Like sibling comment elucidates, code-golfing is just using tricks to get the size of a program down without impacting its functionality. This could be as simple as using single-character variable names or something more complicated like including a decompressor that expands some packed code before execution.
If you got the decryption code plus the payload small enough you could theoretically put the whole thing into a data URL (a URL that doesn't link to a remote resource, but contains all the data needed to display a web page). This data url could theoretically then be encoded into QR and accessed entirely locally on anyone's smart device.
> If you got the decryption code plus the payload small enough you could theoretically put the whole thing into a data URL (a URL that doesn't link to a remote resource, but contains all the data needed to display a web page)
Minification may, or may not, involve munging, for example shortening `const foobar = 1;` into `var f = 1;`. This is not always a safe operation, and in some cases you want to disable munging when minifying your code so that you have meaningful component / function names in your stack traces even without sourcemaps.
Code golfing is the act of finding ever and ever smaller, but functionally equivalent, expressions of a specific piece of code.
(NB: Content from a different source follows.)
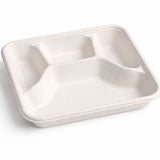 حافظة طعام مقسّمة إلى أربعة أقسام، مصنوعة من ألياف قصب السكر الطبيعية، صديقة للبيئة، مع إمكانية إضافة غطاء، مناسبة للوجبات المتنوعة مع الحفاظ على فصل الأصناف، مثالية للمطاعم وخدمات الإعاشة.

Usually involves a lot of tricks specific to the language the golfing is done in.
So yes, it would contain the PortableSecret minimized to such an extent that the whole thing fits in a QR-code (which has a practical upperlimit of a few KB?)
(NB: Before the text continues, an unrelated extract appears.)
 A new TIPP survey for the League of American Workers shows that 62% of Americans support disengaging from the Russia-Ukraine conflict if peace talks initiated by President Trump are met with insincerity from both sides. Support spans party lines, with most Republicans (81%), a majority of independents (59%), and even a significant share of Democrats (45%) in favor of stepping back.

IDK about including a full HTML into a QR code (how would you even open it? Wouldn't a reader get confused expecting a URL or plain string?)
But...
You can publish portable secrets on your website (just make sure they aren't advertised/linked/crawled) and then create a QR code of the (secret-by-obscurity) URL.
Not the original commenter, but if the whole HTML could be included, it would be nice. It is defenitely possible until certain data limits. However, you would need certain app to use it, since by default QR readers probably can’t benefit from it so that it actually increases the usability. File should be extracted and then opened with browser from correct path.